AMI VersionDescriptionRelease Date
2.0.5
[Note]Note

Because of an issue with AMI 2.0.5, AMI 2.0.4 is currently set as the "latest" version for the purposes of job flows launched by the Amazon EMR console and versions of the CLI released after released after the AMI versioning release (12-08-11). Although you can explicitly set the AMI version to 2.0.5, we recommend that you use AMI 2.0.4 instead.

Same as AMI 2.0.4, with the following additions:

  • Improves Hadoop performance by reinitializing the recycled compressor object for mappers only if they are configured to use the GZip compression codec for output.

  • Adds a configuration variable to Hadoop called mapreduce.jobtracker.system.dir.permission that can be used to set permissions on the system directory. For more information, see Setting Permissions on the System Directory.

  • Changes InstanceController to use an embedded database rather than the MySQL instance running on the box. MySQL remains installed and running by default.

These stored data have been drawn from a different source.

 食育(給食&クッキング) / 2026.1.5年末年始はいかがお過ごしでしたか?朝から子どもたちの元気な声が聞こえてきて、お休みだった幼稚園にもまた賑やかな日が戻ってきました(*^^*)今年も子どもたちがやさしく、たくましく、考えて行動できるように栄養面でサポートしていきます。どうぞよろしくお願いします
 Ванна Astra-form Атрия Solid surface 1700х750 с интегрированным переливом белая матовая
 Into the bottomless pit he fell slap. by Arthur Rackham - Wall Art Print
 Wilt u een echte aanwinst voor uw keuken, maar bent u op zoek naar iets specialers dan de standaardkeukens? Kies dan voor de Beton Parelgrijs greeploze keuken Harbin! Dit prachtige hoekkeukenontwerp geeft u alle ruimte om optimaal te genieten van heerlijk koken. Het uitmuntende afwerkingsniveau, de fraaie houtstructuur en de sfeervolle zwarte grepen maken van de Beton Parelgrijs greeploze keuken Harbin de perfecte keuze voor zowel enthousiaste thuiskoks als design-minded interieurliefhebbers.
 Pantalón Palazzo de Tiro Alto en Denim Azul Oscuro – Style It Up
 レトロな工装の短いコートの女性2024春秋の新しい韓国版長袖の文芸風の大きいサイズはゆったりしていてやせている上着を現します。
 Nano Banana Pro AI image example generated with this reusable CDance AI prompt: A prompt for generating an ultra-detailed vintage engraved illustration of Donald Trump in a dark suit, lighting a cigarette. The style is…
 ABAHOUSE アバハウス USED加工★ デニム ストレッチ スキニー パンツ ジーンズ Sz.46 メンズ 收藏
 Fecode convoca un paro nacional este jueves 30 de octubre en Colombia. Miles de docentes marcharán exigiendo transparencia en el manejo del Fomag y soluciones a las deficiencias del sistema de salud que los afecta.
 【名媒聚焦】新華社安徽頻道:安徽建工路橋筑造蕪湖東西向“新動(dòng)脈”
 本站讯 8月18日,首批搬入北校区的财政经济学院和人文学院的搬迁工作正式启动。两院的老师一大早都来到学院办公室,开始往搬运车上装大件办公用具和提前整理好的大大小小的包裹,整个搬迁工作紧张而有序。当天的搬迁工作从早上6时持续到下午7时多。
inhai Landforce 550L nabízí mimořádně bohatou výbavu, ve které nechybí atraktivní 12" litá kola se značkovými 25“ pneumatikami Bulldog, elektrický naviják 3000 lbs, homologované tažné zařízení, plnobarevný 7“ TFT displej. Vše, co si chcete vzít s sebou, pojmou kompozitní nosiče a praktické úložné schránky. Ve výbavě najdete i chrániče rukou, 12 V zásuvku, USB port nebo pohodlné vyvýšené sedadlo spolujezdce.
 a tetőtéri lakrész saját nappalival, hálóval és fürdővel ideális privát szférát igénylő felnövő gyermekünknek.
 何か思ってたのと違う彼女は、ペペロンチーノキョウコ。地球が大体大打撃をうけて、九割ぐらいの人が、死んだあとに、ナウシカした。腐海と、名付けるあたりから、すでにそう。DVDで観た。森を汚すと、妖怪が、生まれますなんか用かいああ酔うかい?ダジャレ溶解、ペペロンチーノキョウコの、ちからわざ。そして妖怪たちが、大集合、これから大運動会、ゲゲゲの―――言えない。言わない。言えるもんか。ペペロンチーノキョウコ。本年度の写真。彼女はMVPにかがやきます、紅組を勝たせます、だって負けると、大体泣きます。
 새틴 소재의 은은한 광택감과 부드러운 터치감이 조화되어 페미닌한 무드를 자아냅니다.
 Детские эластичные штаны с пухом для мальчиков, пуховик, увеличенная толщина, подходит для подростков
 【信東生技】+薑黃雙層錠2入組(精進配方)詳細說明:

  • Improves the collectd configuration. For more information about collectd, go to http://collectd.org/.

  • Fixes a rare race condition in InstanceController.

  • Changes the default shell from dash to bash.

19 April 2012
2.0.4

Same as AMI 2.0.3, with the following additions:

  • Changes the default for fs.s3n.blockSize to 33554432 (32MiB).

  • Fixes a bug in reading zero-length files from Amazon S3.

30 January 2012
2.0.3

Same as AMI 2.0.2, with the following additions:

  • Adds support for Amazon EMR metrics in Amazon CloudWatch.

  • Improves performance of seek operations in Amazon S3.

24 January 2012
2.0.2

Same as AMI 2.0.1, with the following additions:

  • Adds support for the Python API Dumbo. For more information about Dumbo, go to https://github.com/klbostee/dumbo/wiki/.

  • The AMI now runs the Network Time Protocol Daemon (NTPD) by default. For more information about NTPD, go to http://en.wikipedia.org/wiki/Ntpd.

  • Updates the Amazon Web Services SDK to version 1.2.16.

  • Improves the way Amazon S3 file system intialization checks for the existence of Amazon S3 buckets.

  • Adds support for configuring the Amazon S3 block size to facilitate splitting files in Amazon S3. You set this in the fs.s3n.blockSize parameter. You set this parameter by using the configure-hadoop bootstrap action. The default value is 9223372036854775807 (8 EiB).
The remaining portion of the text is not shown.